# Assignment
For this exercise, reproduce the entries below exactly, but only from the line containing "Blevit Plus 5" through the line containing "匈牙利学生王米丽(左)、胡灵", both included.

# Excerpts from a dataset
_ _ _
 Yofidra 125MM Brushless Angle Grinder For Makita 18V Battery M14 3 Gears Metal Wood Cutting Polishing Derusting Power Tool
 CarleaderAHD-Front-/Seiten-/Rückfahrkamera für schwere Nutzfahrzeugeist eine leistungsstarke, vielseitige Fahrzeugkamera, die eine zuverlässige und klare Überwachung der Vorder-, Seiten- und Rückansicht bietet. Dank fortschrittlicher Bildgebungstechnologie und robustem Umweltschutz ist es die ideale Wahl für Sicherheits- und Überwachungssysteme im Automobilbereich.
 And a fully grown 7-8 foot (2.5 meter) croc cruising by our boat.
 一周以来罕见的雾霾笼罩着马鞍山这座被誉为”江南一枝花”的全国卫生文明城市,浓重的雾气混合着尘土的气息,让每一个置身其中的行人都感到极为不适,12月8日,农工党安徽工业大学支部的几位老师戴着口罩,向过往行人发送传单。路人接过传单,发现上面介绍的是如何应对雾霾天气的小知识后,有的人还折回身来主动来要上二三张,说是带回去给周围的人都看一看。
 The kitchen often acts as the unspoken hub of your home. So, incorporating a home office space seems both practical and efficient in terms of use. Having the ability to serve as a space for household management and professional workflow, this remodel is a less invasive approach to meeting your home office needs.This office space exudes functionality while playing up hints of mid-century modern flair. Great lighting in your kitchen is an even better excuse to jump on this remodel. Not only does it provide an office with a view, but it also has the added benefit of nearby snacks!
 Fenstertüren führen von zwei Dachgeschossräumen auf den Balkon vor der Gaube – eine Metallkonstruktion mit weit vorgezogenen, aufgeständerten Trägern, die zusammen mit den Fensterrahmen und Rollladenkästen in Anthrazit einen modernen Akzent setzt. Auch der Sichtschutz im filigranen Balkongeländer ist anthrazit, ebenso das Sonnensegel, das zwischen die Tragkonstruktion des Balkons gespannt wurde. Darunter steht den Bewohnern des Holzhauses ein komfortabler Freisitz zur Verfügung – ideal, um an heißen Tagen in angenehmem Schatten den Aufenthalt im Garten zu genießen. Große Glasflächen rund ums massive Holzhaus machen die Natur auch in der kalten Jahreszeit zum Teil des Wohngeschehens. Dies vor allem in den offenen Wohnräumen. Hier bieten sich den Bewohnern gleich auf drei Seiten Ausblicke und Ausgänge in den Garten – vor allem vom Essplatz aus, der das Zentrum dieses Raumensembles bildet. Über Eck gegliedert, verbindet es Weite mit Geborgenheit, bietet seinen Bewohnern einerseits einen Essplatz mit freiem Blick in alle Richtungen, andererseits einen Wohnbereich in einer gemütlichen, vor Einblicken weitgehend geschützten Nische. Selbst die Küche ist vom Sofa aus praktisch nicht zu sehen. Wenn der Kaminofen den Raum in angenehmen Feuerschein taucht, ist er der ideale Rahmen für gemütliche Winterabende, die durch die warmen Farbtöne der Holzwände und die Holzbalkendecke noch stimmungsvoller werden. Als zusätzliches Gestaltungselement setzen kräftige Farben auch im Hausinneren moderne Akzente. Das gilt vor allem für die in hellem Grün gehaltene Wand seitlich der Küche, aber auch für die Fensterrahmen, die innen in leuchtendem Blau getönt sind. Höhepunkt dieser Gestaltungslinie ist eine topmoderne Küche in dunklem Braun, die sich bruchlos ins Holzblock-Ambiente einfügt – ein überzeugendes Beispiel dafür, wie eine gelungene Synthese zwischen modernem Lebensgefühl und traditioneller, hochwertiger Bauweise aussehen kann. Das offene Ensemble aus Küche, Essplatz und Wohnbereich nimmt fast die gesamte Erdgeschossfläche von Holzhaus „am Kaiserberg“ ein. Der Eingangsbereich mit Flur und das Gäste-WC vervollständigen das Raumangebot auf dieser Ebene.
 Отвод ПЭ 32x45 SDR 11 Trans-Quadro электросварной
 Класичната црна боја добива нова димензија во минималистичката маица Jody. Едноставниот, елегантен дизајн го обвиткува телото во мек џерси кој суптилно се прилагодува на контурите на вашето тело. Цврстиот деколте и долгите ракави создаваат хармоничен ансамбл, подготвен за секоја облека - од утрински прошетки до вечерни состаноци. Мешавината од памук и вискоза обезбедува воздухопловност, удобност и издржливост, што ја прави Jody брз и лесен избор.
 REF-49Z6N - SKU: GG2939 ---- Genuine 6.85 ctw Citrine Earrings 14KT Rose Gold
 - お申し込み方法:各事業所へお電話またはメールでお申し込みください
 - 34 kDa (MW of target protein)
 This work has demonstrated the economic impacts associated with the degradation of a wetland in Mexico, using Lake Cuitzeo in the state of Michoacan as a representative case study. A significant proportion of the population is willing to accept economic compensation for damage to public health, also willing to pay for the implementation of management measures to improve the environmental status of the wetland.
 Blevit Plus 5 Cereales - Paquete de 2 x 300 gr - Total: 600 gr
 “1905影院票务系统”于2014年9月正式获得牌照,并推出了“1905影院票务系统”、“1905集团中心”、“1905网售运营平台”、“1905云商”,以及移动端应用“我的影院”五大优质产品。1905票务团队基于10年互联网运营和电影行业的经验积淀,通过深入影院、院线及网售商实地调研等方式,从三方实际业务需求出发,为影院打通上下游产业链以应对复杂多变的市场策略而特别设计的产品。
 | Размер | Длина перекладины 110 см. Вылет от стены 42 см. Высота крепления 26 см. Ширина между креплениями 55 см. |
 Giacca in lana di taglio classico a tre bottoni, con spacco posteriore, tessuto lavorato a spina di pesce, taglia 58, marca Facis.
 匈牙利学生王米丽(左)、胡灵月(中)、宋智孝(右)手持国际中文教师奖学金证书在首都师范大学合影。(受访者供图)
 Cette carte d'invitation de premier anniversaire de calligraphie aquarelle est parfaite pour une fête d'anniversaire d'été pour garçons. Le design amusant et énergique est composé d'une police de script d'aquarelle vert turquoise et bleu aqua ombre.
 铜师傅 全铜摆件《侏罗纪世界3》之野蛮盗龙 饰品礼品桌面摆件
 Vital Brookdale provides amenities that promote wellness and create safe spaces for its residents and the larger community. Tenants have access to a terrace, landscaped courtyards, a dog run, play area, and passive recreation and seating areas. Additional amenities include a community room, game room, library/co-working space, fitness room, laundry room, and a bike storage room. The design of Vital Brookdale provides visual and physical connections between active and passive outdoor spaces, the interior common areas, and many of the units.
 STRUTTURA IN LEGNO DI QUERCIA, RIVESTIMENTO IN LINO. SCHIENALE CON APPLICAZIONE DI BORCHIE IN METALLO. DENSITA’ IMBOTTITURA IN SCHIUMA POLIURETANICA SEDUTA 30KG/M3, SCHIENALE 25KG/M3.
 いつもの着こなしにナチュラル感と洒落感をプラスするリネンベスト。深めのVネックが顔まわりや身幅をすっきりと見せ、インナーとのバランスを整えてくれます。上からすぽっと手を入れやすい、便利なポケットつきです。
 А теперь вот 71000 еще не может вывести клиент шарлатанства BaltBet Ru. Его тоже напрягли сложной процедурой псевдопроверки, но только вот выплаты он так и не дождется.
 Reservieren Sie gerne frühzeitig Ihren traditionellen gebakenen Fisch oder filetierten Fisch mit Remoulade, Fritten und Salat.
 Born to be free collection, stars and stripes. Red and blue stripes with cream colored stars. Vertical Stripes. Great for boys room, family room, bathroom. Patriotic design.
_ _ _
# Solved exercise
 Blevit Plus 5 Cereales - Paquete de 2 x 300 gr - Total: 600 gr
 “1905影院票务系统”于2014年9月正式获得牌照,并推出了“1905影院票务系统”、“1905集团中心”、“1905网售运营平台”、“1905云商”,以及移动端应用“我的影院”五大优质产品。1905票务团队基于10年互联网运营和电影行业的经验积淀,通过深入影院、院线及网售商实地调研等方式,从三方实际业务需求出发,为影院打通上下游产业链以应对复杂多变的市场策略而特别设计的产品。
 | Размер | Длина перекладины 110 см. Вылет от стены 42 см. Высота крепления 26 см. Ширина между креплениями 55 см. |
 Giacca in lana di taglio classico a tre bottoni, con spacco posteriore, tessuto lavorato a spina di pesce, taglia 58, marca Facis.
 匈牙利学生王米丽(左)、胡灵月(中)、宋智孝(右)手持国际中文教师奖学金证书在首都师范大学合影。(受访者供图)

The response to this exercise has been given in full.